Despojo


A todas las derrotas posibles Mbutu Alamazer le agregó la peor de todas: la derrota de la soledad. Era como esas noches de sábado que comenzaban con ilusión, con la líbido en alto, observando los cuerpos por las avenidas y a la entrada de las discotecas. Esos sábados que terminaban en domingo, ya cuando despuntaban las 3 AM y no había nada que hacer. Los cuerpos eran ilusiones, los besos no se acercaban a la piel, los delirios sensuales se transformaban en un regusto a alcohol quemado y la oscuridad se cernía no solo sobre el asfalto, sino sobre el alma herida y abandonada.

Fotos: Museo Fernando Pessoa, Lisboa

Así era, ahora, la vida, para Mbutu Alamazer. Más allá de las tardes de sol poniente junto al mar transparente y de la belleza intrínseca del fondo de los arrecifes,




no parecía quedar nada que lo consolara por tanta pérdida, tanto dolor y tanto
desperdicio que se arrojaba sobre sí mismo.

Luego de un año de gloria sensorial en el que había disfrutado a diario la sensualidad de los cuerpos, ahora se le cernía por lo menos una década de condena al ostracismo y la soledad. Un placer sensorial era castigado con una pena de destierro y olvido de por vida. Así funcionaban las cosas cuando uno lo que hacía era traicionar, especular y manipular.

Así se lo hicieron saber las dos mujeres, que habían hablado entre sí, a Mbutu. “ No juegues con nosotras, llevamos las de ganar”. Entonces Mbutu entendió que ganar era perder. Que jugar siempre conllevaba el riesgo de hacerse a la mar con algo inconsistente, que se diluía y se estampaba contra el horizonte mientras el calor de la tarde consumía unas burbujas de infusión caliente para aliviar tanto dolor.


Mbutu aprendióa convivir con ese dolor. A sus 57 años no le quedaba opción: aceptar y morir. Esa era la alternativa. No morir en sentido figurado ni literal. Si no morir en el deseo de alternar de dialogar y de encontrarse en los cuerpos en la tarde vacía. Mbutu aprendió el arte del no perdón. Del abandono absoluto. Al final de cuentas, los años que le quedaban no eran tantos. Y aprendió que para transcurrirlos, para integrarlos, lo único que tenía que hacer era aguantar noches eternas de angustia, días vacíos de dolor, penas infinitas de estar estropeado como un perro al que dejan solo en la tarde vacía.

Así estaba Mbutu cuando apareció algo que le dio una mínima esperanza para seguir vivo: su propia imagen en el espejo. Deteriorada, ambigua, apagada y despojada.

Se le habían cerrado todas las puertas. Y cuando decía todas, se veía ahí, viejo, hirsuto, gordo como una piedra, quieto como una iguana. Su madre había dejado de hablarle, desinteresada de su ventura en medio de su devenir cíclico, reclamándole cuidado. Su hija no le hablaba, enojada con la vida con él y consigo misma. Sus hijos lo desplazaron para invisibilizarlo. Sus clientes y amigos lo abandonaron a su suerte, perdido en el olor del azufre, diabólico y artero como era, nadie lo quería cerca.

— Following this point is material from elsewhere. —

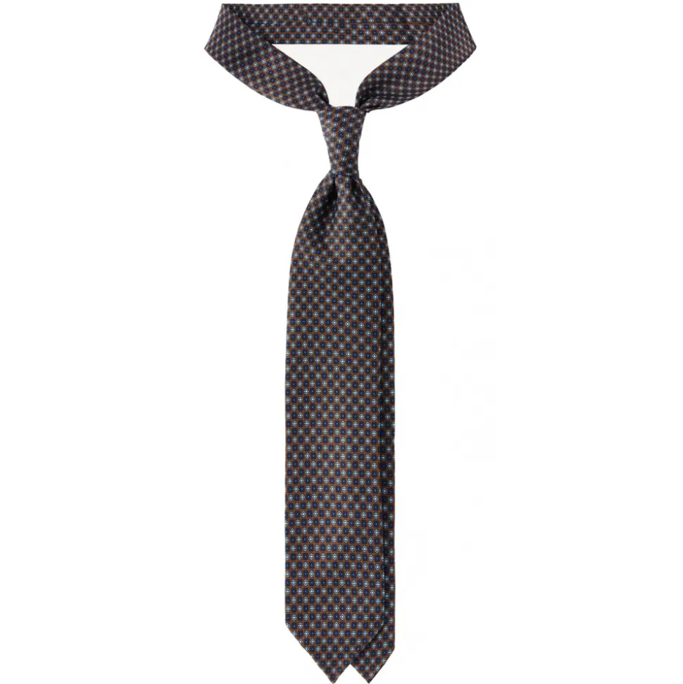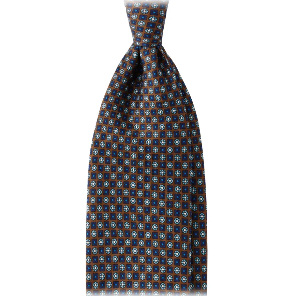 Viola Milano – Floral Pattern Selftipped Italian Silk Tie – Brown Mix – Handmade in Italy – Luxury Exclusive Collection

Así es como Mbutu Alamazer finalmente se quedó solo. Ni hablar de su ex, que le propuso una amistad inocua donde era algo menos que un equeco castrado y un pelón sin alma que se arrimaba a rogar e implorar un regreso que la gracia divina jamás le iba a conceder después de todos sus pecados y traiciones.



Mbutu Alamazer, el traidor, el sujeto de sus deseos, el inocente víctima de sí mismo, estaba en la redada y sabía que sus chances eran mínimas: pasar desapercibido, dejar de ser él mismo y acabar en una cuneta rogando y llorando por clemencia.

Entonces, Mbutu amaneció. Se puso a escribir todo esto. Y como por arte de magia, decidió otra cosa. Decidió que estaba en su sitio. Caminó por el acantilado mientras el sol anaranjado teñía las nubes de sangre. Se puso a inventar una historia que él mismo podría creerse. Caminó en dirección al horizonte, sin detenerse un instante a mirar atrás, dejó entre las nubes el sol de sangre y se dijo: “ Mi cuerpo me llevará al sitio del que proviene tanto dolor, voy a caminar ahora”.